Monday, June 27, 2022
HomeComputer HardwareAs HPC Chip Sizes Develop, So Does the Want For 1kW+ Chip...

As HPC Chip Sizes Develop, So Does the Want For 1kW+ Chip Cooling


One pattern within the excessive efficiency computing (HPC) area that’s changing into more and more clear is that energy consumption per chip and per rack unit shouldn’t be going to cease with the bounds of air cooling. As supercomputers and different excessive efficiency methods have already hit – and in some instances exceeded these limits – energy necessities and energy densities have continued to scale up. And primarily based on the information from TSMC’s current annual expertise symposium, we must always anticipate to see this pattern proceed as TSMC lays the groundwork for even denser chip configurations.

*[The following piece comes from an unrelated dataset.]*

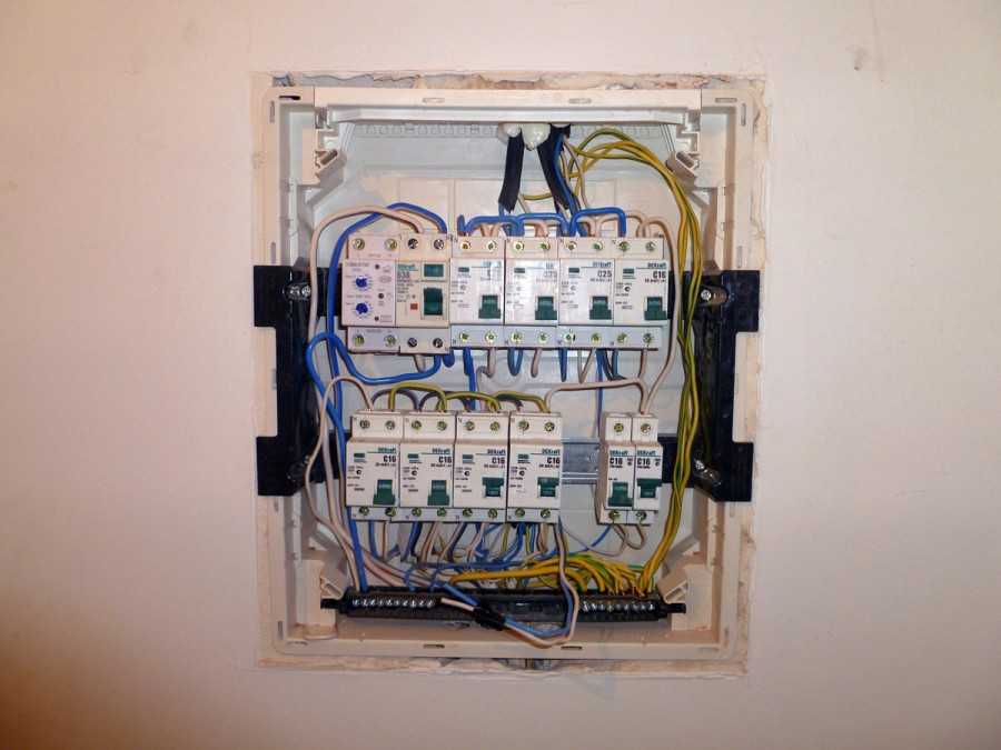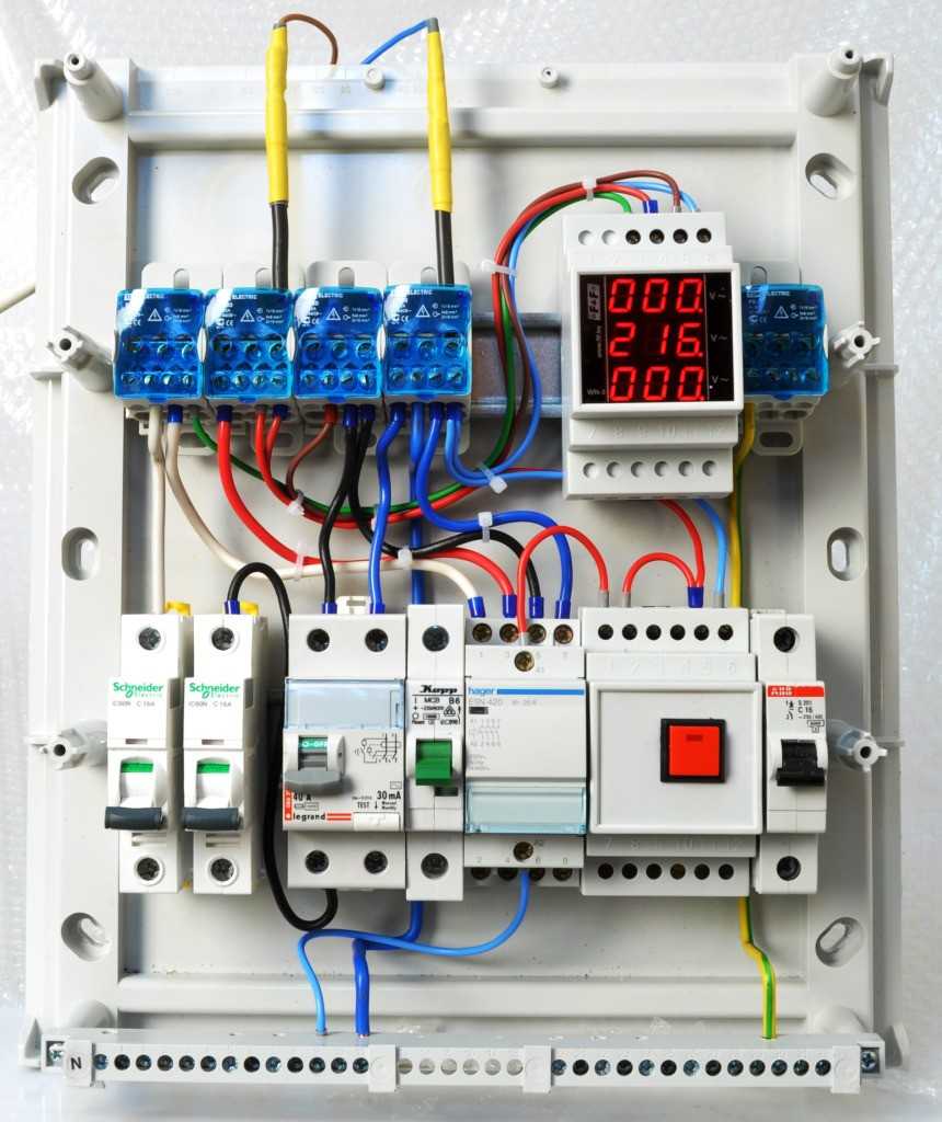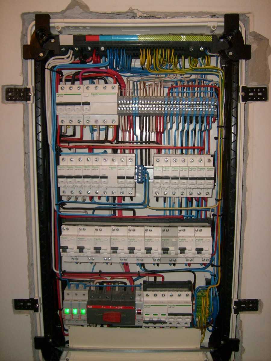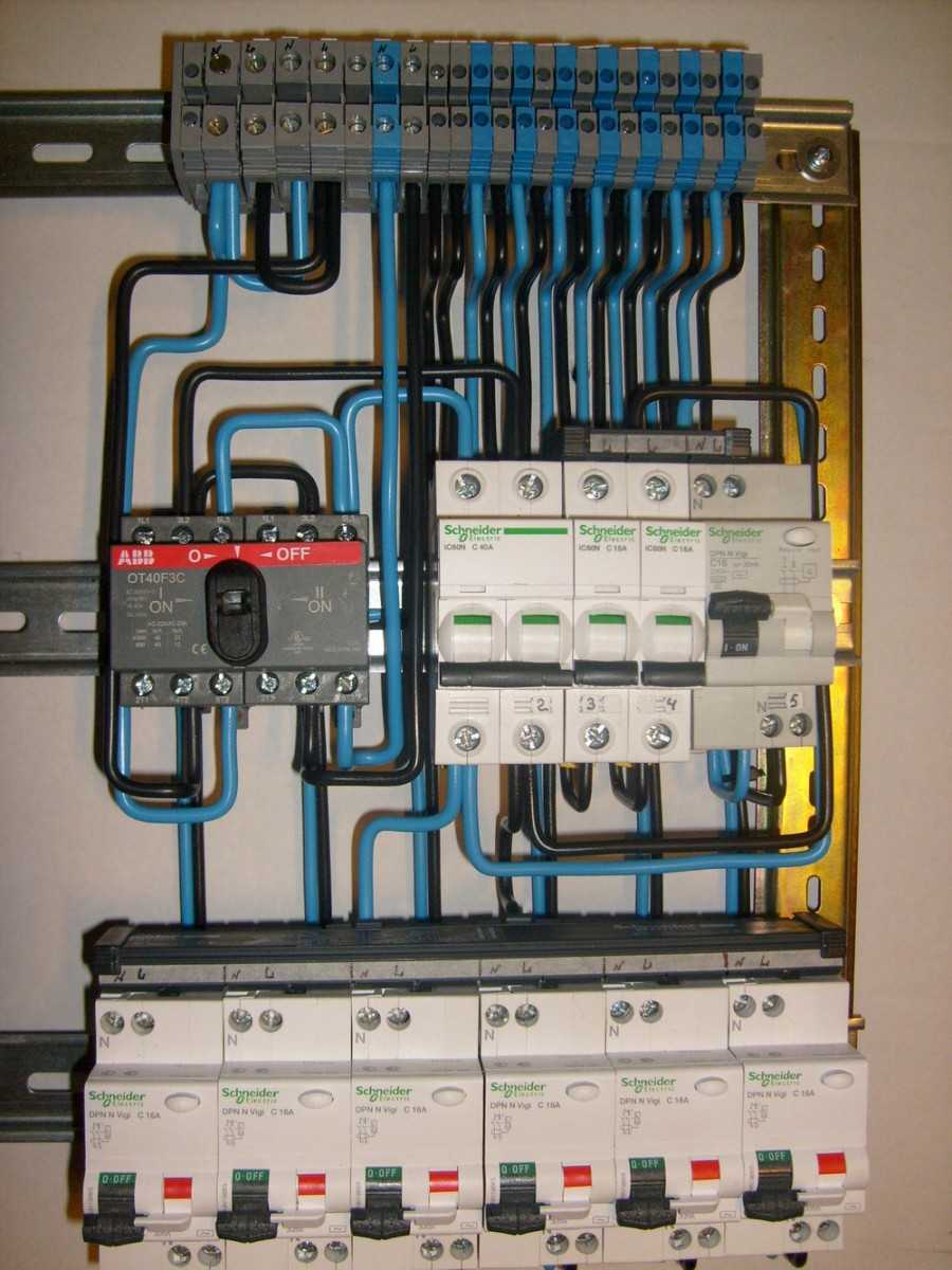В современных квартирах полно электроприборов и всяческих устройств, так что электрощит может занимать площадь стены около квадратного метра, вмещать счетчик, десяток автоматических выключателей, нулевую рабочую и защитную шину и прочие важные элементы. Но при компактной «насадке» их на DIN-рейку в укромном месте не нарушается интерьер квартиры, не создается неудобств для жильцов.
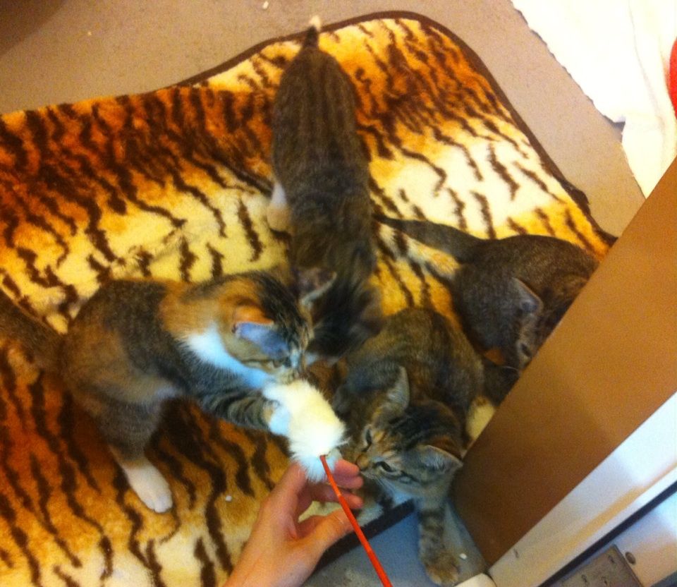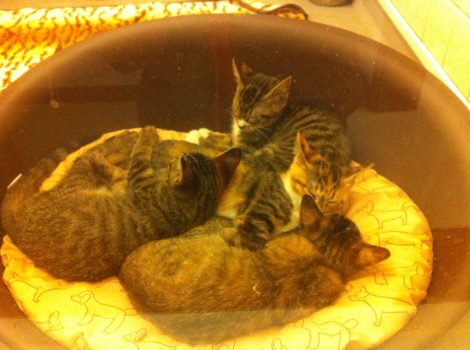 子猫ちゃんたち☆ 2015.10.16 09:10 只今里親さん探し中の子猫4匹です😊 →全て優しい里親さんが決まりました! 昼間にお店の中をドタバタ走りまわり、疲れたようで4人で仲良くくっついて寝ていました😴 とっても元気な4匹です💓 気になる方は是非お声がけ下さい😊💕

The issue at hand shouldn’t be a brand new one: transistor energy consumption is not cutting down almost as rapidly as transistor sizes. And as chipmakers aren’t about to depart efficiency on the desk (and fail to ship semi-annual will increase for his or her clients), within the HPC area energy per transistor is rapidly rising. As an extra wrinkle, chiplets are paving the way in which in the direction of developing chips with much more silicon than conventional reticle limits, which is nice for efficiency and latency, however much more problematic for cooling.

Enabling this sort of silicon and energy development has been fashionable applied sciences like TSMC’a CoWoS and InFO, which permit chipmakers to construct built-in multi-chiplet system-in-packages (SiPs) with as a lot a double the quantity of silicon in any other case allowed by TSMC’s reticle limits. By 2024, developments of TSMC’s CoWoS packaging expertise will allow constructing even bigger multi-chiplet SiP, with TSMC anticipating stitching collectively upwards of 4 reticle-sized chiplets, This can allow large ranges of complexity (over 300 billion transistor per SiP is a risk that TSMC and its companions are ) and efficiency, however naturally at the price of formidable energy consumption and warmth technology. 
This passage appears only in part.